Date: Tue, 30 Jun 1998 03:58:49 GMT
From: Tom Phoenix <rootbeer@teleport.com>
Subject: Re: Two commands, one button.
Message-Id: <Pine.GSO.3.96.980629205741.17225N-100000@user2.teleport.com>

On Mon, 29 Jun 1998, Darren Sweeney wrote:

> I am currently reconfiguring a script, the question I have is can one
> submit button perform two functions, one after the other. 

It sounds as if you want your browser to do something. The docs, FAQs, and
newsgroups about browsers and related issues should be able to help you
get a better and more-complete answer than we can give here. Good luck!

-- 
Tom Phoenix       Perl Training and Hacking       Esperanto
Randal Schwartz Case:     http://www.rahul.net/jeffrey/ovs/



------------------------------

Date: Tue, 30 Jun 1998 10:19:49 +0100
From: "F.Quednau" <quednauf@nortel.co.uk>
Subject: Re: Two commands, one button.
Message-Id: <3598ADB4.AF07DBEF@nortel.co.uk>

-- 
____________________________________________________________
Frank Quednau               
http://www.surrey.ac.uk/~me51fq
________________________________________________
Darren Sweeney wrote:

> e.g. I have one button which submits data to a HTML screen and another that
> then takes me to that screen
> 
>     <INPUT TYPE = "submit" NAME = "add_to_form" VALUE = "Add Data">
>     <INPUT TYPE = "submit" NAME = "view_form" VALUE = "View Form">
> 
> Can the value function accept two commands, if so what is the divider?
> 
> Thanks,
> 
> Darren

In one of my scripts I have something like this:

  print $layout->submit('action','Add new entry');
  print $layout->submit('action','Delete existing entries');

Which creates two submit buttons. Their name is the same, their values, however,
are different. Further up in the program I then have something like that:

  &add_entry		if  $layout->param('action') eq 'Add new entry';
  &delete_entries	if  $layout->param('action') eq 'Delete existing entries';

I am using CGI.pm. That should answer your question.
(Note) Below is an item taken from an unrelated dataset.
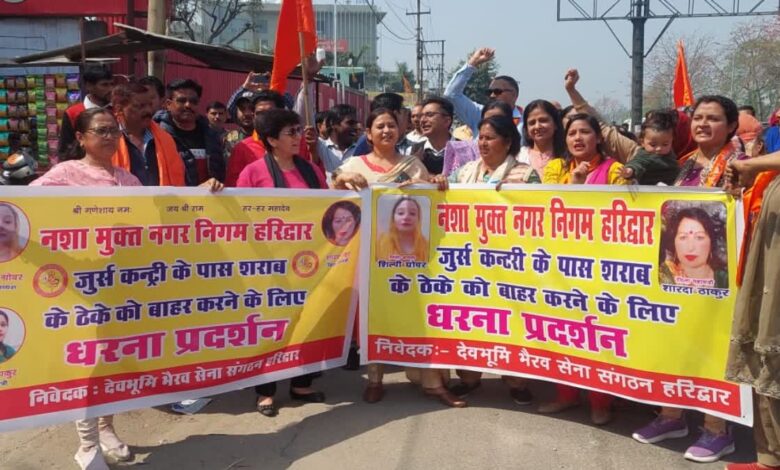 हरिद्वार। ज्वालापुर कोतवाली अंतर्गत आने वाले नेशनल हाईवे पर स्थित शराब के ठेके के खिलाफ स्थानीय निवासियों और भैरव सेना ने शराब के ठेके के सामने धरना-प्रदर्शन किया। प्रदर्शनकारियों ने ठेके को हटाकर कहीं और स्थानांतरित करने की मांग उठाई। ऐसा न होने पर प्रदर्शनकारियों ने उग्र आंदोलन करने की चेतावनी भी दी है।

____________________________________________________________
Frank Quednau                     
http://www.surrey.ac.uk/~me51fq   
________________________________________________


------------------------------

Date: 30 Jun 1998 15:07:51 +0300
From: Jarkko Hietaniemi <jhi@alpha.hut.fi>
Subject: Re: Two commands, one button.
Message-Id: <oee90mfnld4.fsf@alpha.hut.fi>


"Darren Sweeney" <darrensw@pacbell.net> writes:
: 
: I am currently reconfiguring a script, the question I have is can one submit
: button perform two functions, one after the other.
: 
: e.g. I have one button which submits data to a HTML screen and another that
: then takes me to that screen
: 
:     <INPUT TYPE = "submit" NAME = "add_to_form" VALUE = "Add Data">
:     <INPUT TYPE = "submit" NAME = "view_form" VALUE = "View Form">
: 
: Can the value function accept two commands, if so what is the divider?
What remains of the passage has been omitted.